• **WHAT THIS TASK INVOLVES**: Word for word, restate the data that follows, omitting the images.

• **INFORMATION PROVIDED**:
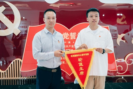 現(xiàn)場,世茂天成物業(yè)服務(wù)集團有限公司福州分公司黨支部與雅林集團黨支部進行了世茂國際中心樓宇黨委“輪值主席”流動紅旗交接儀式。
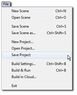 可在 Unity 中进行的某些更改不是特定于场景的,而是项目范围的。通过从 File 菜单中选择“Save Project”,可以独立于场景更改来保存这些设置。
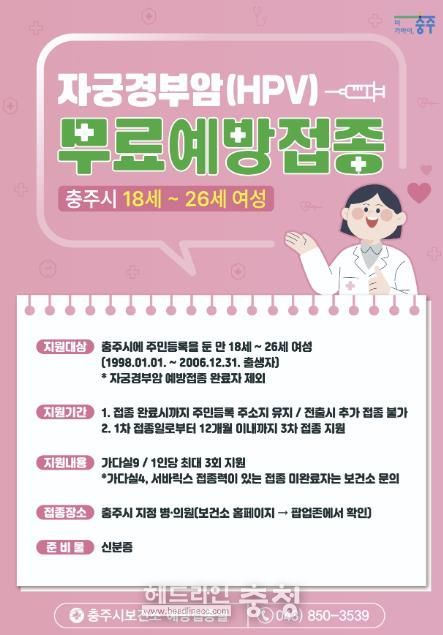 헤드라인충청 김용철 기자 | 충주시가 전국 지방자치단체 중 유일하게 자궁경부암 예방을 위한 ‘가다실9’ 예방접종 전액 지원 사업을 시행하며, 여성 건강을 선제적으로 지켜나갈 계획이라고 밝혔다.
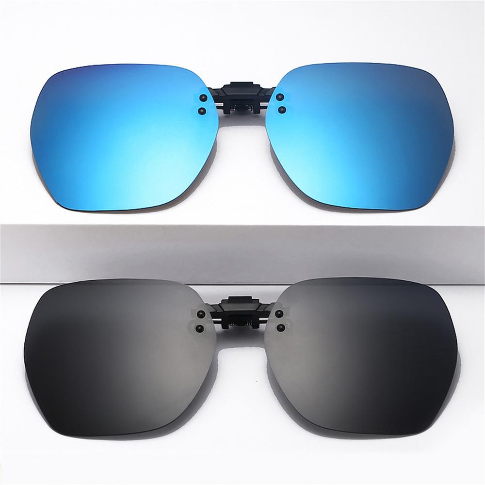 Polarized Sunglasses Clip Rimless Square Flip Up Glasses For Men Women Night Vision Clip On Eyeglasses Travel Driving Goggles

• **YOUR RESPONSE**:
 現(xiàn)場,世茂天成物業(yè)服務(wù)集團有限公司福州分公司黨支部與雅林集團黨支部進行了世茂國際中心樓宇黨委“輪值主席”流動紅旗交接儀式。
 可在 Unity 中进行的某些更改不是特定于场景的,而是项目范围的。通过从 File 菜单中选择“Save Project”,可以独立于场景更改来保存这些设置。
 헤드라인충청 김용철 기자 | 충주시가 전국 지방자치단체 중 유일하게 자궁경부암 예방을 위한 ‘가다실9’ 예방접종 전액 지원 사업을 시행하며, 여성 건강을 선제적으로 지켜나갈 계획이라고 밝혔다.
 Polarized Sunglasses Clip Rimless Square Flip Up Glasses For Men Women Night Vision Clip On Eyeglasses Travel Driving Goggles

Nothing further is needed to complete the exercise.